_PROBLEM REQUIREMENTS:_ Reproduce the data below exactly. Skip the pictures.

_INFORMATION PROVIDED:_
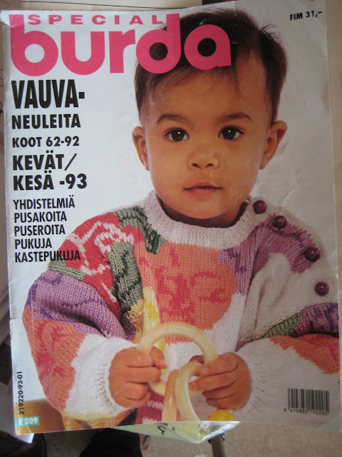 Minun lapseni ovat jo aikuisia, ne kaksi tyttöä, jotka puin pienenä pitsiin. Silloin ei ollut facebookia eikä Pinterestiä, vaan käsityöideat otettiin lehdistä ja kirjoista. Tämä Burdan vauvaneule -lehti vuodelta 1993 on aika resuiseksi käytetty. Melkein jokaisen mallin olen aikoinaan siitä neulonut.
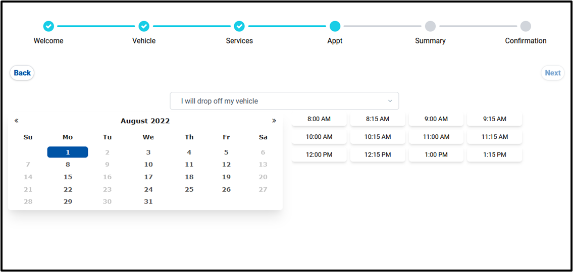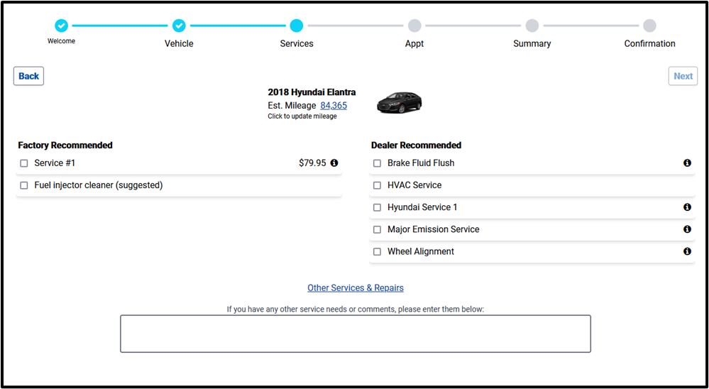 If the Online Scheduler is for a Quorum & Hyundai Dealership, this screen will display the same no matter which vehicle make has been input or selected, however the information put forth may differ between Non-Hyundai and Hyundai Vehicles.
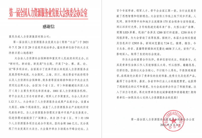 26日,第一届全国人力资源服务业发展大会执委会向贝博艾弗森官网集团发来感谢信,对贝博艾弗森官网集团在大会期间的各项工作表示肯定,对各分项活动的协助和支持表示感谢。
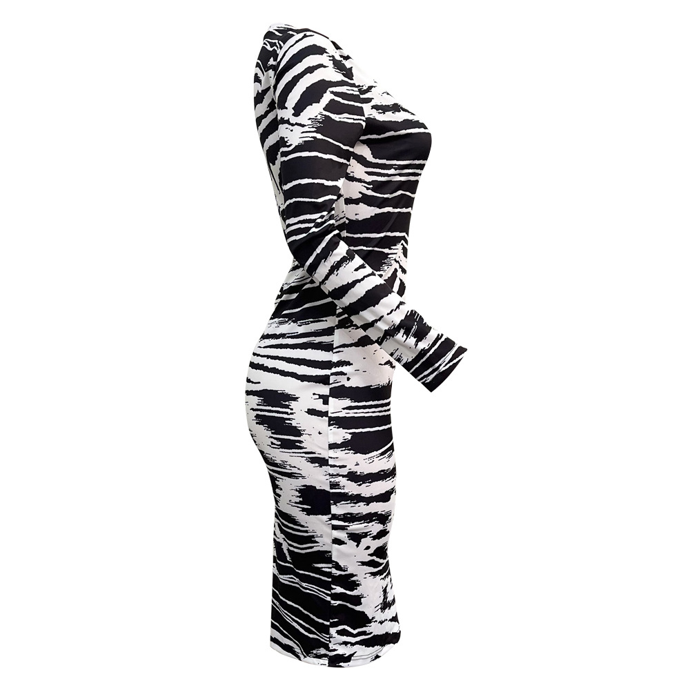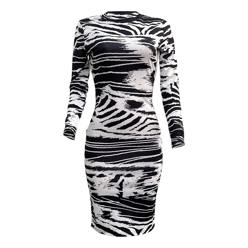 M-0001 유럽과 미국의 가을과 겨울 긴 소매 인쇄 원피스

_SOLUTION:_
 Minun lapseni ovat jo aikuisia, ne kaksi tyttöä, jotka puin pienenä pitsiin. Silloin ei ollut facebookia eikä Pinterestiä, vaan käsityöideat otettiin lehdistä ja kirjoista. Tämä Burdan vauvaneule -lehti vuodelta 1993 on aika resuiseksi käytetty. Melkein jokaisen mallin olen aikoinaan siitä neulonut.
 If the Online Scheduler is for a Quorum & Hyundai Dealership, this screen will display the same no matter which vehicle make has been input or selected, however the information put forth may differ between Non-Hyundai and Hyundai Vehicles.
 26日,第一届全国人力资源服务业发展大会执委会向贝博艾弗森官网集团发来感谢信,对贝博艾弗森官网集团在大会期间的各项工作表示肯定,对各分项活动的协助和支持表示感谢。
 M-0001 유럽과 미국의 가을과 겨울 긴 소매 인쇄 원피스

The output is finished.